The roundtable will be followed by a book launch and reception with food and drinks, and book sale. Please bring cash to purchase a copy of the book. All proceeds of the book sales will be donated to earthquake survivors in Turkey.

Registration link: https://www.eventbrite.ca/e/activist-affordances-how-disabled-people-improvise-more-livable-worlds-tickets-615841627887

Accessibility information: The roundtable event will be hybrid (Zoom + in person), and ASL interpretation will be provided. The SHIFT center is wheelchair accessible. For in person participants, please note also that masks will be mandatory in the seminar space to keep people safe.
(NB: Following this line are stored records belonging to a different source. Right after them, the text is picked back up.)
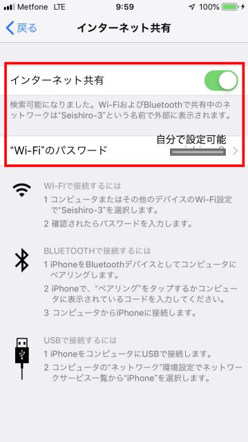 注:インターネット共有をいつもしている人向けとなるので、一部簡略化します。
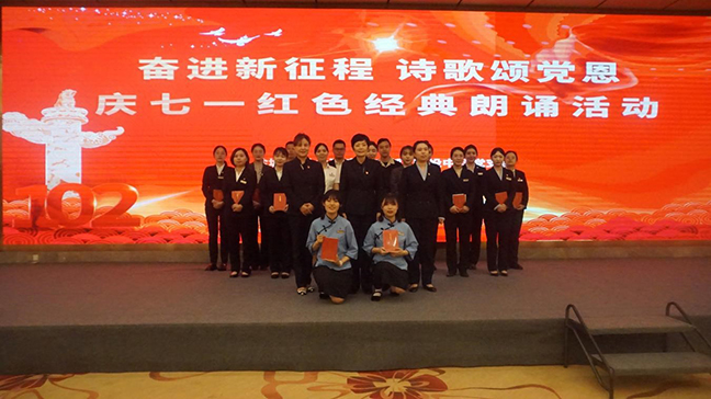 为庆祝中国共产党成立102周年,弘扬伟大建党精神,抒发爱党爱国情怀,6月29日下午,非凡娱乐大酒店党支部联合国投中科党支部以“奋进新征程 诗歌颂党恩”为主题,开展了庆“七一”红色经典诵读活动。
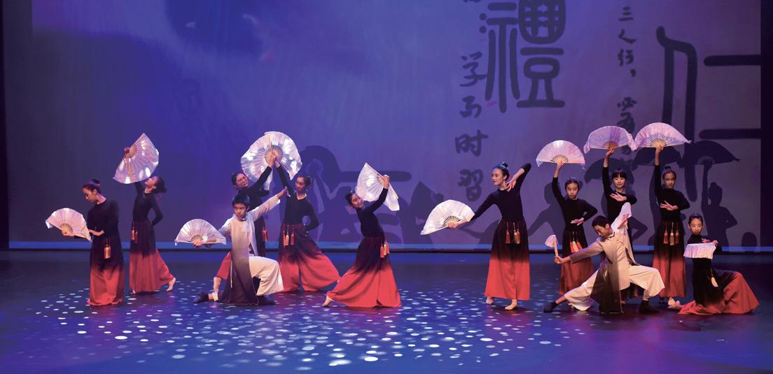 演出团体:子文舞蹈学校 子文舞蹈学校的少年舞者以飘逸的舞姿演绎“登高望远”的诗意意 境。折扇翻飞、衣袂生风,一招一式皆透出东方古韵的柔与刚。舞 台灯光映照下,舞者仿若自千年书卷中走出,赢得满堂掌声。 双琵琶重奏:《小月儿高》
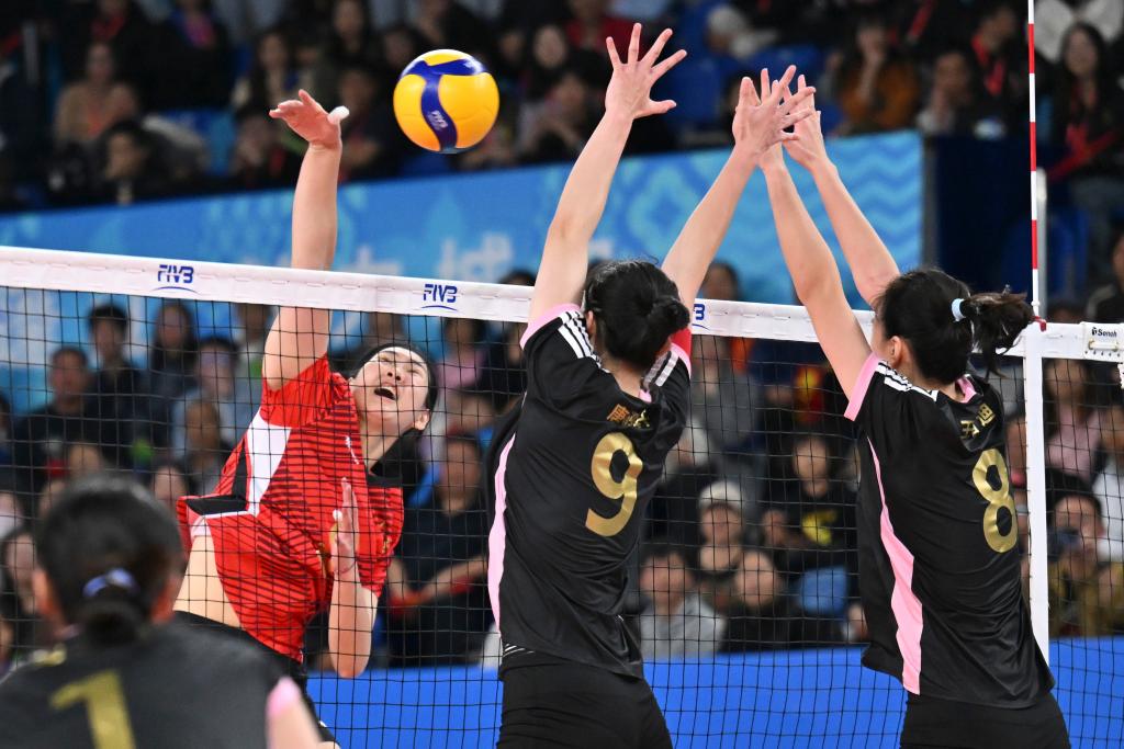 11月18日,江苏队球员范泊宁(右一)在比赛中进攻。新华社记者 陈钟昊 摄

The reception and shared food will take place in a separate space, where those in attendance can unmask to eat, drink, and socialize. If you have any other access needs, please email info@accessinthemaking.ca at least ten days prior to the event.

Arseli Dokumaci is an interdisciplinary scholar and media-maker. Her scholarly and creative work lies at the crossovers of disability studies, performance studies and medical anthropology. Arseli is the director of AIM Lab, and the author of Activist Affordances: How Disabled People Improvise More Livable Worlds (Duke UP, 2023). 

Faye Ginsburg is a Professor of Anthropology at NYU Arts and Science, and Co-Chair of the NYU Center for Disability Studies. She is an American anthropologist who has devoted her life to the exploration of different cultures and individuals’ styles of life.

Alison Kafer is the Embrey Associate Professor of Women’s and Gender Studies and English at the University of Texas at Austin, where she also directs the LGBTQ Studies program. She co-edited Crip Genealogies(Duke UP, 2023) with Mel Y. Chen, Julie Avril Minich, and Eunjung Kim, and she is the author of Feminist, Queer, Crip (Indiana, 2013).

Jonathan Sterne is Professor and James McGill Chair in Culture and Technology in the Department of Art History and Communication Studies at McGill University.  He has written widely on the history of sound and other topics, and is currently at work on projects dealing with signal processing, impairment phenomenology, and recent transformations in musical instruments. Publications include MP3: The Meaning of a Format (Duke UP, 2012), The Sound Studies Reader (Routledge, 2012), The Audible Past: Cultural Origins of Sound Reproduction (Duke UP, 2003).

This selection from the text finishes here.